Repair and regeneration of damaged, diseased or loss of tissues and organs remains a significant clinical challenge and costs more than $400 billion in US on a yearly basis [1]. Tissue engineering (TE) has emerged as an alternative to current treatment options for the development of engineered structures to improve and restore affected tissues and organs [2,3]. TE strategies involve the use of biomaterials along with relevant tissue-specific cells and/or growth factors (GFs). This triad work alone or in combination to provide the structural and biochemical cues to guide/regulate cell behavior and tissue development. Various natural and synthetic biomaterials have been utilized for the development of biodegradable three-dimensional (3D) and porous scaffolds that are capable of supporting cell in-growth and de novo tissue formation [[4], [5], [6]].

Tissue engineering efforts are focused on the development of biomimetic scaffold systems that can more closely replicate the complex microenvironment of native tissues and organs. Conventional TE scaffold fabrication methods including porogen-leaching, freeze-drying, phase-separation and electrospinning can generate 3D-porous structures with tissue-like microenvironment [7,8]. Advanced scaffold fabrication methods such as additive manufacturing helped to form structures with tunable porosity and gradient along the scaffold length to support tissue-tissue interfacial engineering [7,[9], [10], [11], [12]]. Significant progress has been made in the development of scaffolds that incorporate ECM-like structures with desired nano/micro topography that mimic the target tissue in terms of bio-chemical composition and mechanical performance [13,14]. Also, recent efforts resulted in more sophisticated scaffolds that can be built using synthetic ECM formed with bioactive domains [[15], [16], [17]]. However, despite this progress the engineered structures still lack the complex microenvironment and composition of the native ECM that is required to achieve optimal regenerative capacity [18].

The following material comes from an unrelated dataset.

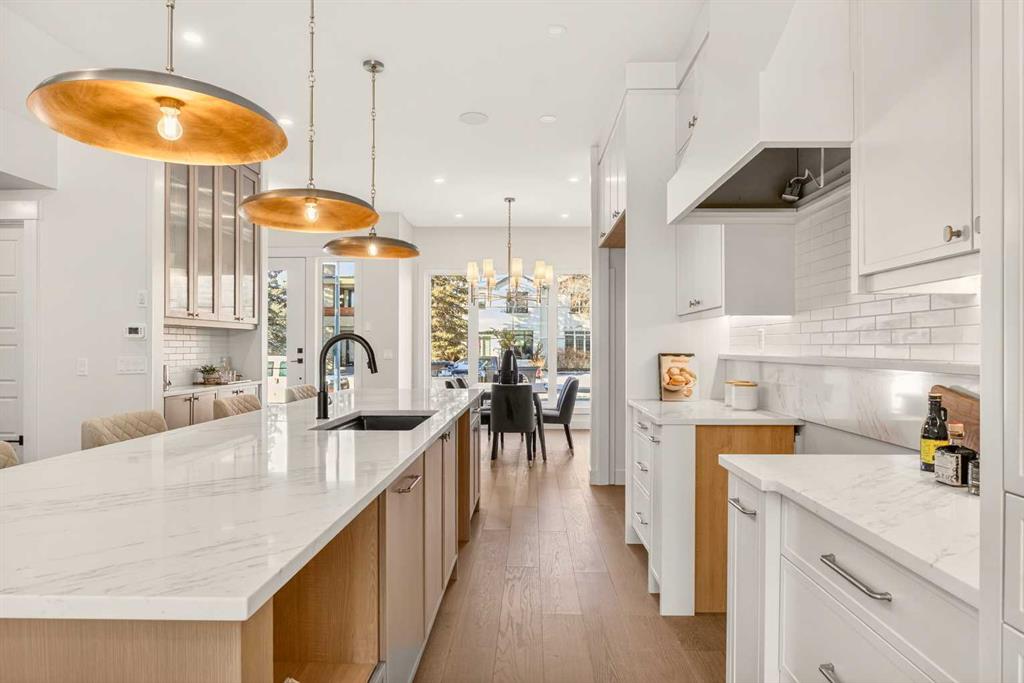 ***OPEN HOUSE: Saturday, Feb 28th 3:00 - 5:00 PM*** Experience refined inner-city living in WEST HILLHURST with this newly built 3-storey semi-detached infill offering over 3,500 sqft of professionally developed space. Positioned in a quiet cul-de-sac with a sunny south-facing backyard, this home delivers privacy, natural light, and thoughtful design across all 4 levels. A spacious dining area welcomes gatherings of any size, seamlessly connecting to a chef-inspired kitchen anchored by a large island designed for everyday living and entertaining. FULL HEIGHT CABINETRY maximizes storage while a dedicated wall pantry keeps essentials organized and out of sight. HIGH-END APPLIANCES including a gas stove support precision cooking, and carefully curated finishes elevate both style and function. A warm living area centers around a GAS FIREPLACE FRAMED BY BUILT-IN SHELVING and cabinetry, creating a natural focal point for relaxing evenings. Patio sliders extend living outdoors to the fully fenced SOUTH BACKYARD and ground-level patio, offering effortless indoor-outdoor flow. An enclosed mudroom provides practical storage for busy households, while a tucked-away powder room adds convenience without interrupting the main living space. Upper levels are designed for flexibility and comfort, featuring 4 bedrooms above grade including 2 primary retreats. A secondary primary suite on the 2nd level showcases wall paneling detail, a large walk-in closet, and a 5pc ensuite with in-floor heating and a dual vanity for everyday ease. Top-floor living is dedicated to a PRIVATE PRIMARY SANCTUARY complete with sitting area, dry bar for morning coffee or evening wind-down, balcony access, expansive walk-in closet, and a luxurious 5pc ensuite with dual vanity, freestanding tub, and glass shower. Access to an additional balcony enhances connection to the outdoors and captures elevated views. A FULLY DEVELOPED BASEMENT adds valuable living space with a large recreation room, wet bar for entertaining, 5th bedroom, 4pc bath, and generous storage options. UPGRADES include ROUGH-INS FOR AC, HYDRONIC IN-FLOOR HEATING in the basement, AND STEAM SHOWER, ALONG WITH CEILING SPEAKERS AND A DUAL-ZONE FURNACE system that separates the basement and main floor from the 2nd and 3rd levels for tailored comfort and efficiency. DOUBLE DETACHED GARAGE provides secure parking and additional storage flexibility. Located steps from the Bow River pathway system, parks, and playgrounds, and minutes to Kensington’s shops and dining, this address also offers quick access to downtown, Foothills Medical Centre, Alberta Children’s Hospital, and top-rated area schools including Queen Elizabeth School and Hillhurst School. Thoughtful layout, elevated design, and premium UPGRADES come together in one of Calgary’s most desirable neighborhoods.

The complex microenvironment of native tissues presents many challenges with recapitulating in vivo cell interactions and conditions to restore normal function, often varying with type of tissue, and state of health condition. The extracellular matrix (ECM) contains functional characteristics and structures including the complex establishment of proteins and matrix components of the target tissue/organ microenvironment such as collagen, proteoglycans, fibronectin, laminin, elastin, and other glycoproteins [19,20]. Moreover, the ECM also serves as a reservoir of essential GFs and signaling molecules and plays a vital role in regulating and maintaining tissue homeostasis, growth, differentiation, vascularization and maturation [21]. These properties of native ECM present challenges in reproducing the complex 3D ultrastructure with appropriate compositional arrangement and are often difficult to achieve with conventional fabrication methods and biomaterials [22].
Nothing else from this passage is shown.